The first line of the listing opens the range and the line with "The item you" closes it; repeat those lines and all between them word for word, leaving out the pictures.

++++ Provided data

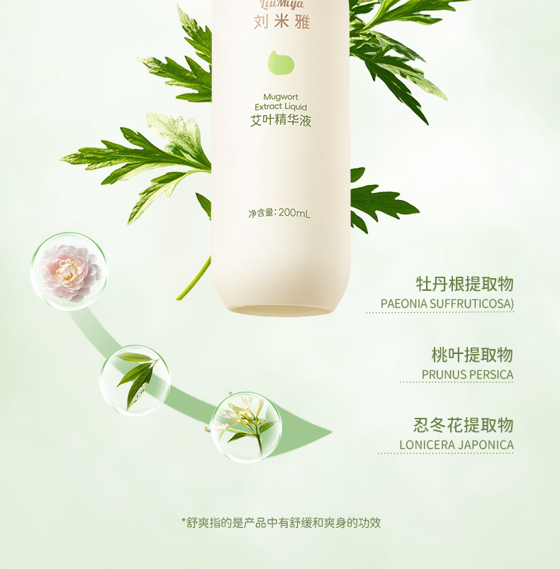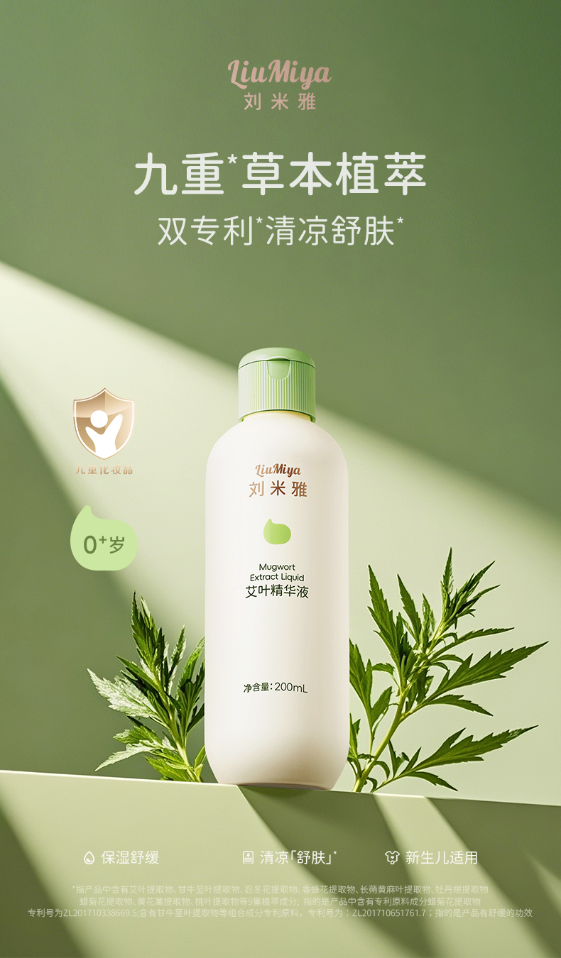 刘米雅艾叶精华液桃叶婴幼儿童舒缓保湿植萃清凉舒爽精华液200ml
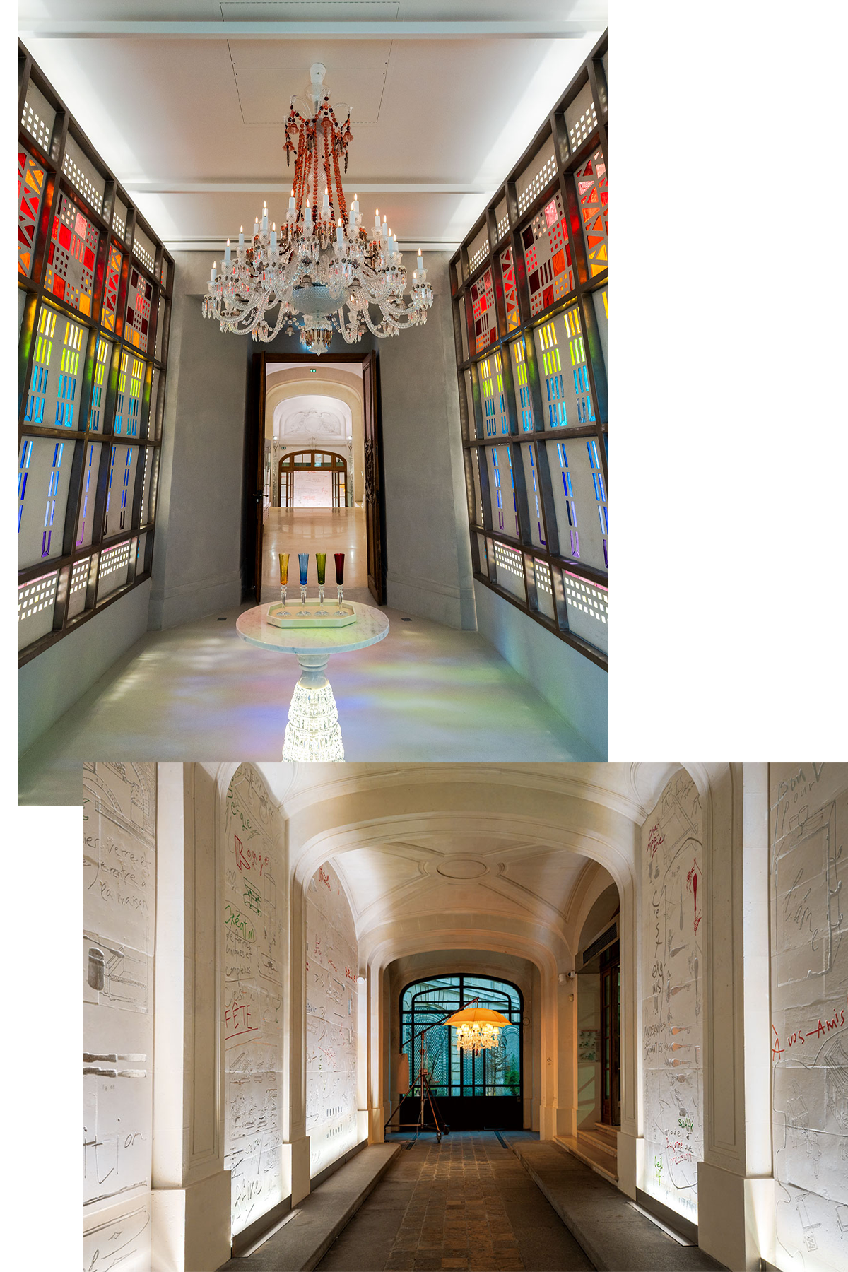 上:バカラ村の教会のステンドグラスにオマージュを捧げた「光の礼拝堂」は、M.O.F.の職人ピエール・タタンの作品。礼拝堂を抜けると庭園 があり、春夏公開予定。テラスも開設される。 下:エントランスはクリスタルの制作工程などを壁に刻んだハリー・ヌリエフの壁画が彩る。
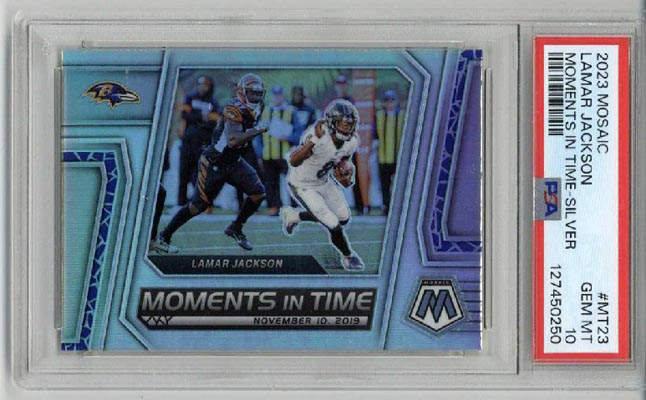 The item you are buying is a PSA GRADED and ENCAPSULATED 2023 Panini Mosaic Moments In Time Silver #MT23 card of Lamar Jackson The card was graded a 10 by PSA. This card comes from my personal collection. The plastic of the encapsulation has no cracks and is scratch free.
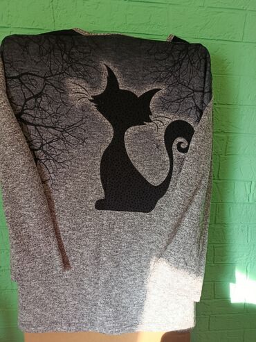 - Model 4: Yumşaq trikotaj fakturalı, boz tonlarda bluz. Arxa/ön paneldə qara pişik silueti və ağac budaqları motivi, uzun qol, rahat günlük kəsim.

++++++++

● **Solution to the exercise**
 刘米雅艾叶精华液桃叶婴幼儿童舒缓保湿植萃清凉舒爽精华液200ml
 上:バカラ村の教会のステンドグラスにオマージュを捧げた「光の礼拝堂」は、M.O.F.の職人ピエール・タタンの作品。礼拝堂を抜けると庭園 があり、春夏公開予定。テラスも開設される。 下:エントランスはクリスタルの制作工程などを壁に刻んだハリー・ヌリエフの壁画が彩る。
 The item you are buying is a PSA GRADED and ENCAPSULATED 2023 Panini Mosaic Moments In Time Silver #MT23 card of Lamar Jackson The card was graded a 10 by PSA. This card comes from my personal collection. The plastic of the encapsulation has no cracks and is scratch free.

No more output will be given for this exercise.